Jangmi

In late February or early March, I walked across the frozen Tumen River toward a man from China, ready to give my unborn child a different life. I walked with the eyes of men and women following me from both sides of the shore. I was hopeful though the riverbanks were still hoary with the remaining snow.

A North Korean border patrol who the man from China had bribed followed me across. There were broad, dark patches where the ice looked as thin as glass, but I was from a border town. I had smuggled goods in and out since I was fourteen and knew how to read the river. I looped around where the ice became dangerously clear until I was standing in the center of the frozen river and facing the man from China. He had an eager smile and a small head—he was small everywhere, it seemed—and he limped slowly forward as if needing my permission to come closer. With every step his left leg swung out rigidly in a semicircle until we faced each other. He was nervous; his right foot kept making circles on the ice behind him like a ballerina.

This man named Seongsik said, “You really do believe me now, don’t you? I’m a person who can make these kinds of meetings happen. I know everyone, and everyone knows me. Money? Who needs money? You need connections.”

He tore skin from his lower lip with his teeth. He wanted my approval, the way he repeated himself made that clear. But we didn’t have much time so I interrupted him.

“I learn fast,” I said. “I’ll learn anything you want.” I shut my eyes tight so I wouldn’t have to look at him.

When I opened them, he was still shyly taking me in. The shy ones were the worst, hard to read.

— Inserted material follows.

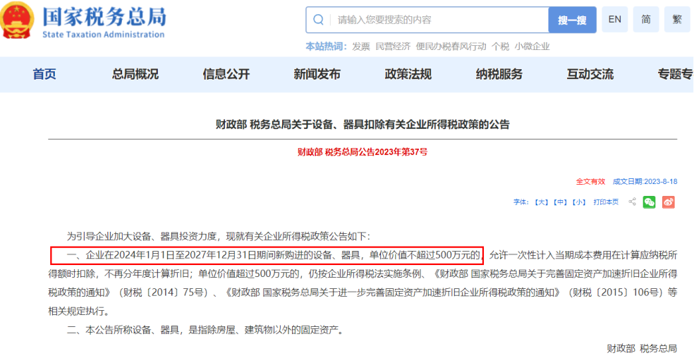 一、500万以下新购进设备、器具一次性扣除
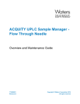 ACQUITY UPLC Sample Manager Flow Through Needle Overview and Maintenance Guide 715005051 Revision D Copyright © Waters Corporation 2019 All rights reserved General information Copyright notice © 2010 – 2019 WATERS CORPORATION. PRINTED IN THE UNITED STATES OF AMERICA AND IN IRELAND. ALL RIGHTS RESERVED. THIS DOCUMENT OR PARTS THEREOF MAY NOT BE REPRODUCED IN ANY FORM WITHOUT THE WRITTEN PERMISSION OF THE PUBLISHER. The information in this document is subject to change without notice and should not be construed as a commitment by Waters Corporation. Waters Corporation assumes no responsibility for any errors that may appear in this document. This document is believed to be complete and accurate at the time of publication. In no event shall Waters Corporation be liable for incidental or consequential damages in connection with, or arising from, its use. For the most recent revision of this document, consult the Waters website (www.waters.com). Trademarks ACQUITYTM is a trademark of Waters Corporation. ACQUITY UPLCTM is a trademark of Waters Corporation. EmpowerTM is a trademark of Waters Corporation. MassLynxTM is a trademark of Waters Corporation. THE SCIENCE OF WHAT'S POSSIBLETM is a trademark of Waters Corporation. TORX® is a registered trademark of Acument Intellectual Properties, LLC in the United States or other countries. WatersTM is a trademark of Waters Corporation. Waters Quality PartsTM is a trademark of Waters Corporation. All other trademarks are property of their respective owners. Customer comments Waters’ Customer Experience and Knowledge Management organization invites you to report any errors that you encounter in this document or to suggest ideas for otherwise improving it. Help us June 11, 2019, 715005051 Rev. D Page ii better understand what you expect from our documentation so that we can continuously improve its accuracy and usability. We seriously consider every customer comment we receive. You can reach us at tech_comm@waters.com. Contacting Waters Contact Waters with enhancement requests or technical questions regarding the use, transportation, removal, or disposal of any Waters product. You can reach us via the Internet, telephone, fax, or conventional mail. Waters contact information Contacting medium Information Internet The Waters website includes contact information for Waters locations worldwide. Visit www.waters.com Telephone and fax From the USA or Canada, phone 800-252-4752, or fax 508-872-1990. For other locations worldwide, phone and fax numbers appear in the Waters website. Conventional mail Waters Corporation Global Support Services 34 Maple Street Milford, MA 01757 USA Safety considerations Some reagents and samples used with Waters instruments and devices can pose chemical, biological, or radiological hazards (or any combination thereof). You must know the potentially hazardous effects of all substances you work with. Always follow Good Laboratory Practice (GLP), and consult your organization’s standard operating procedures as well as your local requirements for safety. Safety hazard symbol notice symbol indicates a potential hazard. Consult the documentation for important The information about the hazard and the appropriate measures to prevent and control the hazard. June 11, 2019, 715005051 Rev. D Page iii Considerations specific to the SM-FTN Warning: To avoid electric shock, do not remove protective panels from the device. The components within are not user-serviceable. Warning: To avoid electric shock, observe these precautions: • Use SVT-type power cords in the United States and HAR-type power cords, or better, in Europe. For requirements elsewhere, contact your local Waters distributor. • Inspect the power cords for damage and replace them if necessary. • Power-off and unplug each module before performing any maintenance operation on it. • Connect each module to a common ground. Warning: To avoid spinal and muscular injury, do not attempt to lift a system module without assistance. See also: For safety considerations regarding specific system modules, consult the appropriate information on the user documentation CD. FCC radiation emissions notice Changes or modifications not expressly approved by the party responsible for compliance, could void the user's authority to operate the equipment. This device complies with Part 15 of the FCC Rules. Operation is subject to the following two conditions: (1) this device may not cause harmful interference, and (2) this device must accept any interference received, including interference that may cause undesired operation. Electrical power safety notice Do not position the device so that it is difficult to disconnect the power cord. Equipment misuse notice If equipment is used in a manner not specified by its manufacturer, the protection provided by the equipment may be impaired. Safety advisories Consult the "Safety advisories" appendix in this publication for a comprehensive list of warning advisories and notices. June 11, 2019, 715005051 Rev. D Page iv Operating the device When operating the device, follow standard quality-control (QC) procedures and the guidelines presented in this section. Applicable symbols The following symbols can be present on the device, system, or packaging. Symbol Definition Manufacturer Date of manufacture Confirms that a manufactured product complies with all applicable European Community directives Australia EMC compliant Confirms that a manufactured product complies with all applicable United States and Canadian safety requirements Environmentally friendly use period (China RoHS): indicates the number of years from the date of manufacture until the product, or components within the product, are likely to be discarded or degrade into the environment Consult instructions for use Alternating current Electrical and electronic equipment with this symbol may contain hazardous substances and should not be disposed of as general waste For compliance with the Waste

“Why do you want to leave?” he asked, as if half my country, the country of his ancestors, didn’t dream of living differently.

I was so nervous that my fingers dug arcs into my palms. “There are no good men in my country.”

He brightened as I’d intended. “I’m a good man, I promise.” While the border guard smoked an imported cigarette from the many cases I’d given him to keep him happy, the Chinese man and I hurried through the ten minutes of time we had to talk—the courting time that he had bought for us.

Money was a symbol, a disease that infected our country. I was eight when the famine changed everything. After the government rations stopped and the crops were flooded and destroyed year after year, I didn’t follow rules; I stole and bartered and learned quickly, and I survived. But when the government devalued our money and made our savings worthless, all my work became nothing at all. There was no present, and the future looked even worse. Then my monthly bleeding stopped, and I realized I was pregnant.